Reputation: 23
gawk 'BEGIN { FS="|"; OFS="|" }NR ==1 {print} NR >=2 {cmd1="echo -n "$2" | base64 -w 0";cmd1 | getline d1;close(cmd1); print $1,d1 }' dummy2.txt
input:
id|dummy
1|subhashree:1;user=phn
2|subha:2;user=phn
Expected output:
id|dummy
1|c3ViaGFzaHJlZToxO3VzZXI9cGhuCg==
2|c3ViaGE6Mjt1c2VyPXBobgo=
output produced by script:
id|dummy
1|subhashree:1
2|subha:2
I have understood that the double quote around $2 is causing the issue. It does not work hence not encoding the string properly and just stripping off the string after semi colon.Because it does work inside semicolon and gives proper output in terminal.

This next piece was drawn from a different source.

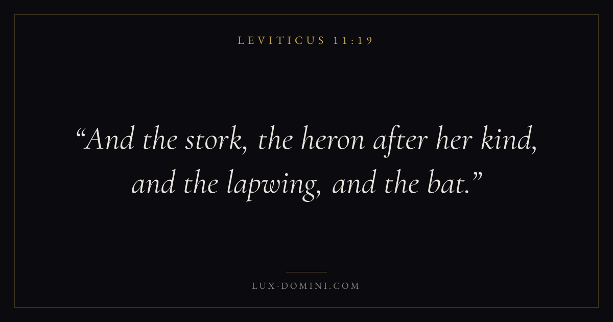 Books / Leviticus / Chapter 11 / Verse 19 ← Leviticus 11:18 Leviticus 11:19 Leviticus 11:20 → And the stork, the heron after her kind, and the lapwing, and the bat. Download verse card Share on Twitter Share on Facebook Pin it ✦ Key themes HolinessAtonementPriesthoodSacrifice Read with Leviticus 11:18 ✦ Leviticus Chapter 11 verses V. 1 V. 2 V. 3 V. 4 V. 5 V. 6 V. 7 V. 8 V. 9 V. 10 V. 11 V. 12 V. 13 V. 14 V. 15 V. 16 V. 17 V. 18 V. 19 V. 20 V. 21 V. 22 V. 23 V. 24 V. 25 V. 26 V. 27 V. 28 V. 29 V. 30 V. 31 V. 32 V. 33 V. 34 V. 35 V. 36 V. 37 V. 38 V. 39 V. 40 V. 41 V. 42 V. 43 V. 44 V. 45 V. 46 V. 47

echo "subhashree:1;user=phn" | base64
c3ViaGFzaHJlZToxO3VzZXI9cGhuCg==
[root@DERATVIV04 encode]# echo "subha:2;user=phn" | base64
c3ViaGE6Mjt1c2VyPXBobgo=
I have tried with different variation with single and double quote inside awk but it does not work.Any help will be highly appreciated.
Thanks a lot in advance.
Upvotes: 1
Views: 571
Reputation: 204498
You already got answers explaining how to use awk for this but you should also consider not using awk for this. The tool to sequence calls to other commands (e.g. bas64
) is a shell, not awk. What you're trying to do in terms of calls is:
shell { awk { loop_on_input { shell { base64 } } } }
whereas if you call base64
directly from shell it'd just be:
shell { loop_on_input { base64 } }
Note that the awk command is spawning a new subshell once per line of input while the direct call from shell isn't.
For example:
#!/usr/bin/env bash
file='dummy2.txt'
head -n 1 "$file"
while IFS='|' read -r id dummy; do
printf '%s|%s\n' "$id" "$(base64 -w 0 <<<"$dummy")"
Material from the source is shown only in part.